Why Proactive Prep Beats the Last-Minute Push
The deeper problem with a thirty-day scramble is that it optimizes for the wrong thing. It optimizes for the documents and the physical plant — the things you can fix in a week — while leaving the actual care practices on the unit largely unchanged. Surveyors observe care delivery. They watch hand hygiene during med pass. They sit at the nurses' station and listen. They ask a CNA to walk them through how a specific resident's care plan addresses an identified need. The questions are designed to surface the gap between what is written and what is done. A thirty-day push has almost no purchase on that gap.
Proactive prep is, in a phrase, the work of making the documents true. The thirty-day window is then used to verify and tune, not to manufacture.

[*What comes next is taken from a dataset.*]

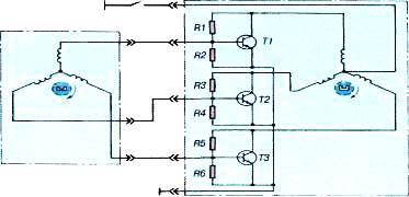 Імпульси напруги від кожної обмотки датчика подаються по проводах на бази транзисторів Т1, Т2, Т3 (КТ801А). У результаті транзистори працюють у ключовому режимі, подаючи через вимикач запалювання живлення в статорні обмотки електродвигуна приймача (покажчика). Резистори R1 – R6 служать для поліпшення умов перемикання транзисторів. При вимиканні чергового транзистора напруга бортової мережі подається до відповідної обмотки статора електродвигуна. У результаті створюється обертове магнітне поле, що приводить в обертання ротор (постійний магніт) електродвигуна, на валу якого закріплений постійний магніт швидкісного вузла. Через черв'ячну передачу приводиться в дію лічильний вузол. Покажчик датчик

The checklist below assumes that framing.
30 Days Out: Pull Your Own Data
The first move is to look at yourself the way a surveyor will. That starts with your facility's prior CMS 2567 reports. Pull every Statement of Deficiencies issued in the last survey cycle — the annual recertification, any complaint investigations, any focused infection control surveys, any substantiated complaints. Lay them out and identify the patterns. Which F-Tags have repeated? Which units or shifts were involved? Were any cited at higher severity?
Repeat citations are the strongest signal in the data. A surveyor returning to a facility that was cited for F689 (Accidents and Supervision) last year is going to look at falls programs first, and is going to know exactly which corrective actions the facility committed to in the prior Plan of Correction. If those actions are not visibly in place, the consequence is not just a repeat citation — it can be cited at higher severity because the facility was on notice.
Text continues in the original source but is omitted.